Хал замахивается, Ник тоже хватает кирпич…
Неизвестно, чем бы все закончилось, если бы не Эн. Она подбегает к собаке и бесстрашно обнимает готового к битве пса за толстую шею.
— Да он сам боится! Дрожит весь! Эх, вы! Бросьте камни.
И, наклонив голову к собачьей морде так, что челка свешивается едва ли не на глаза псу, ласково начинает что-то говорить ему, поглаживая между ушами.
— Вот это номер, — только и может выговорить Ник, выронив кирпич.
Пса называют Камилом. Имя придумывает Хал.
— У моего абы в деревне такой же был. Кавказская овчарка. Камилом звали, блин. У-умный…
— Какая же это овчарка? — удивляется Юсупов, прихлебывая смородиновый чаек. — Эта… он дворняга типичная.
— А ты, Очки, вообще молчи! — окрысивается Хал. — Если бы не ты, блин, он бы ко мне первому подошел.
Эн, не слушая их, тихо говорит улегшемуся у ее ног псу:
— Камил… Нравится тебе?
Навострив уши, пес виляет хвостом.
— Нравится! — улыбается девушка. — Камил, а вот покормить тебя и нечем…
— Он, небось, не голодает, — говорит Ник. — Вон упитанный какой. Интересно, зачем он к нам пришел? Мы же его стаю того…
— Он из другой стаи, — уверенно заявляет Эн. — Или вообще одиночка. Генетическая память в нем проснулась. Костер, люди…

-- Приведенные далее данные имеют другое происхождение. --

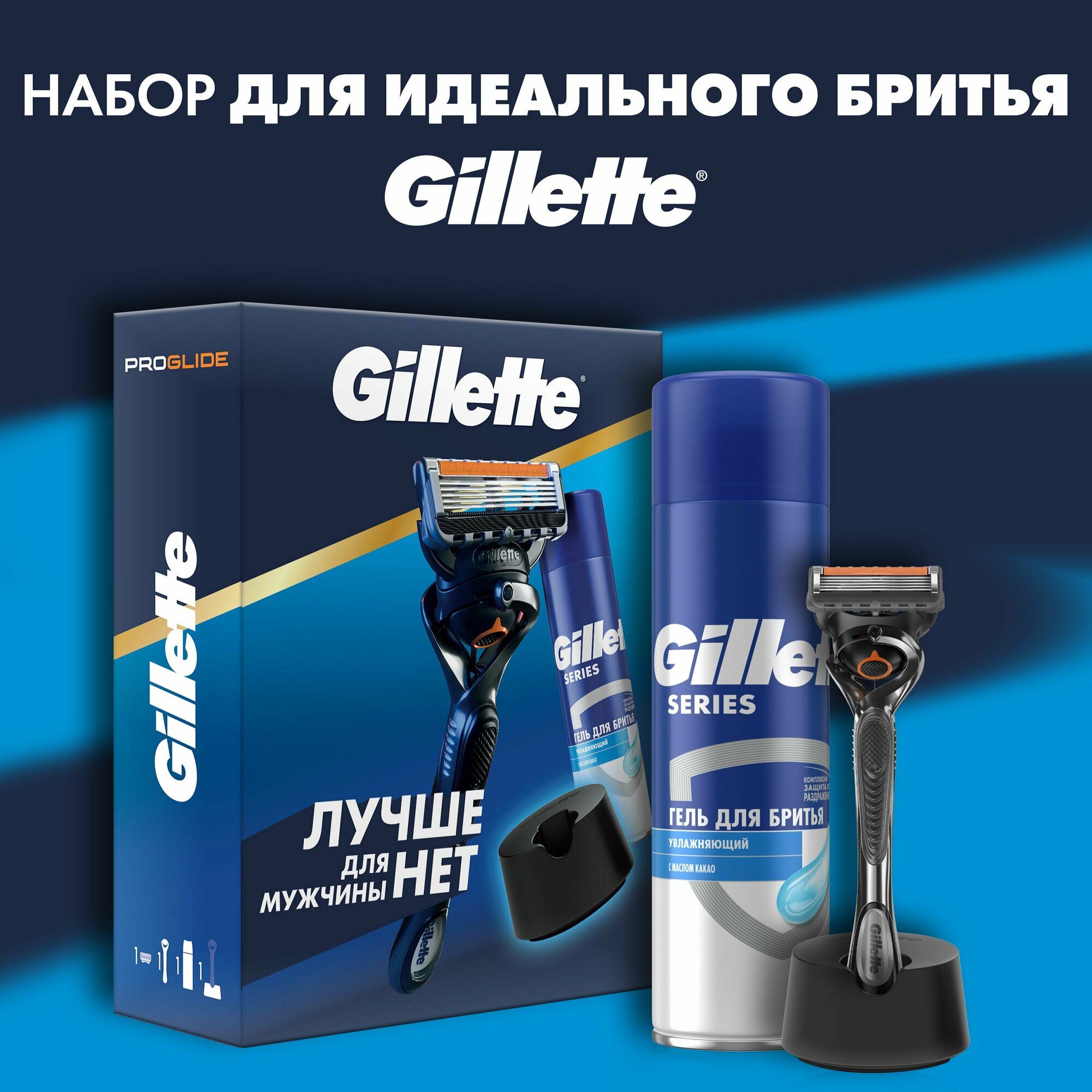 Подарочный набор мужской для идеального бритья Gillette ProGlide с увлажняющим гелем для бритья и подставкой для бритвы

— Слушайте! — не выдерживает Юсупов, которого, похоже, мало волнует пес. — Я там эта… два бокса смежных нашел. И дверь открыта. Ворота вот только просели, в землю вросли. И внутри темно. Возле входа бочка стоит. Я эта… открыл, палку сунул внутрь. Вроде солярка. Надо факелы делать и смотреть.